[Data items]
────
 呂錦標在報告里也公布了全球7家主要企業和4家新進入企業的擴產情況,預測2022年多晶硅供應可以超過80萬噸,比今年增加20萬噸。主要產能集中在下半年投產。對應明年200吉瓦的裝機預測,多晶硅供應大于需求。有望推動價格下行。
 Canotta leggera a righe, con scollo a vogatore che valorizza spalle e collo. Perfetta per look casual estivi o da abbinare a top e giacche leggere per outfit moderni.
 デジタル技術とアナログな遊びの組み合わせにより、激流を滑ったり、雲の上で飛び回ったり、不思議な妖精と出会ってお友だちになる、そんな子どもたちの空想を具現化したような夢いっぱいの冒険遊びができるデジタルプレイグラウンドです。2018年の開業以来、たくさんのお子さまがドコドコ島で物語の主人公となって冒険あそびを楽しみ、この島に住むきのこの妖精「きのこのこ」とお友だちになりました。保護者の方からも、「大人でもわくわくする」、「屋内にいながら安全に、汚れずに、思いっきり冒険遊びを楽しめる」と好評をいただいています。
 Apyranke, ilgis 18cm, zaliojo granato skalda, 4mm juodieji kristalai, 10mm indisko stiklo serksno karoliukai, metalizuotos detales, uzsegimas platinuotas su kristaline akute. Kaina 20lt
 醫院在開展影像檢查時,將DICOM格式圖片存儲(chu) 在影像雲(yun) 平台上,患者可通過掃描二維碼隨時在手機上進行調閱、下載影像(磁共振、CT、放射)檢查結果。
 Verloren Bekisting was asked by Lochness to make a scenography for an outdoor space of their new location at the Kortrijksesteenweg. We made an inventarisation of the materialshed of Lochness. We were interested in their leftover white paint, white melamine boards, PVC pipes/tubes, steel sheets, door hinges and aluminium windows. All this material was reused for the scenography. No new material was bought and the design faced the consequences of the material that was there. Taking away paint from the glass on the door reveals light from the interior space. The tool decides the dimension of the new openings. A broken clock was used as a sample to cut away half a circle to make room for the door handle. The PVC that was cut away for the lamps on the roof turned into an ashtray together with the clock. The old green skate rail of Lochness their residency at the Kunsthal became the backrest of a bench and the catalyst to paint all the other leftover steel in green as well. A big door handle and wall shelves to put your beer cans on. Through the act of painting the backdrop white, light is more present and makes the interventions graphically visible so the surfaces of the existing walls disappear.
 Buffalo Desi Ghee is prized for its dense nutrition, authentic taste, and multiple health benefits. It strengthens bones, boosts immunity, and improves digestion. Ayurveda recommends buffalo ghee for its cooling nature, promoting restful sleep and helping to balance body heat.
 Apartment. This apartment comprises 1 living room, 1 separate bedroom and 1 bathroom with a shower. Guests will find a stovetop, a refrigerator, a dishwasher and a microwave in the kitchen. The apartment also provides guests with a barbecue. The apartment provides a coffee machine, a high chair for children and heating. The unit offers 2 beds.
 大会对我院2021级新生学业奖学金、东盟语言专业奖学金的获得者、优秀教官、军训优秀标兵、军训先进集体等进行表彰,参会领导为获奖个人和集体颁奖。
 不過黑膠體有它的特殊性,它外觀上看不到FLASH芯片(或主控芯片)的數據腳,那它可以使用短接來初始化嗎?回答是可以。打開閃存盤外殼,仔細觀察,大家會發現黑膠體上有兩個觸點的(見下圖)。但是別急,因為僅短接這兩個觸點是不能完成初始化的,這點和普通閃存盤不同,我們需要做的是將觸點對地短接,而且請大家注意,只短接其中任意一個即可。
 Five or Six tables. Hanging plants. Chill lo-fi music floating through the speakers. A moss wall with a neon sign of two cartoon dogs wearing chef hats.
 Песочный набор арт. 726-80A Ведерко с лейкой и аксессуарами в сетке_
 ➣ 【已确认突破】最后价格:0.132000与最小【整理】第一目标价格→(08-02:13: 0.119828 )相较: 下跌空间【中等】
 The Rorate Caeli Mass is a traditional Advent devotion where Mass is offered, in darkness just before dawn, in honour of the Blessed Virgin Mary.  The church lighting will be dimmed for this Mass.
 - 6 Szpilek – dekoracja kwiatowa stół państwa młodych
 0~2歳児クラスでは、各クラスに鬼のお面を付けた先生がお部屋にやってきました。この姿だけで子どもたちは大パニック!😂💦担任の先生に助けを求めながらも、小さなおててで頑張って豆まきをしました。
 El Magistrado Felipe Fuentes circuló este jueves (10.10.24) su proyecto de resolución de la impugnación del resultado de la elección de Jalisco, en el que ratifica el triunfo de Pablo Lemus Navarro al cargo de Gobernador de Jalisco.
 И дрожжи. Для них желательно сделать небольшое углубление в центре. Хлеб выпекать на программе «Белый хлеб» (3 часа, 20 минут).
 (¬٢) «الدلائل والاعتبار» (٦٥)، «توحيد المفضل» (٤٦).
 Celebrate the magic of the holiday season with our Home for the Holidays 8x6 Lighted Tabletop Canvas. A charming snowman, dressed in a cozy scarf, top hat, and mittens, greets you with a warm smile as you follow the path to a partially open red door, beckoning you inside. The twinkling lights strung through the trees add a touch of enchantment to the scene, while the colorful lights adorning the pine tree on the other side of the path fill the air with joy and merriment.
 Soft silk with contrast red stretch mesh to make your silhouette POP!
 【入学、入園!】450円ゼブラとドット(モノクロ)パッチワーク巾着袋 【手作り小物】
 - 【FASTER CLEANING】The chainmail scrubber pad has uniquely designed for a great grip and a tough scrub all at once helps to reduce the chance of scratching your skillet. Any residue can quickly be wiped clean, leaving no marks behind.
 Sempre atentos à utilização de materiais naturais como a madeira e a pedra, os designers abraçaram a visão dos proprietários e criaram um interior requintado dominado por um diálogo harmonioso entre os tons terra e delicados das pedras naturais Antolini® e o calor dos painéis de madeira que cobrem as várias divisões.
────
§ TASK TO CARRY OUT: Every line above that includes the word "make" should be listed.

§ RESPONSE TO THE EXERCISE:
 Verloren Bekisting was asked by Lochness to make a scenography for an outdoor space of their new location at the Kortrijksesteenweg. We made an inventarisation of the materialshed of Lochness. We were interested in their leftover white paint, white melamine boards, PVC pipes/tubes, steel sheets, door hinges and aluminium windows. All this material was reused for the scenography. No new material was bought and the design faced the consequences of the material that was there. Taking away paint from the glass on the door reveals light from the interior space. The tool decides the dimension of the new openings. A broken clock was used as a sample to cut away half a circle to make room for the door handle. The PVC that was cut away for the lamps on the roof turned into an ashtray together with the clock. The old green skate rail of Lochness their residency at the Kunsthal became the backrest of a bench and the catalyst to paint all the other leftover steel in green as well. A big door handle and wall shelves to put your beer cans on. Through the act of painting the backdrop white, light is more present and makes the interventions graphically visible so the surfaces of the existing walls disappear.
 Soft silk with contrast red stretch mesh to make your silhouette POP!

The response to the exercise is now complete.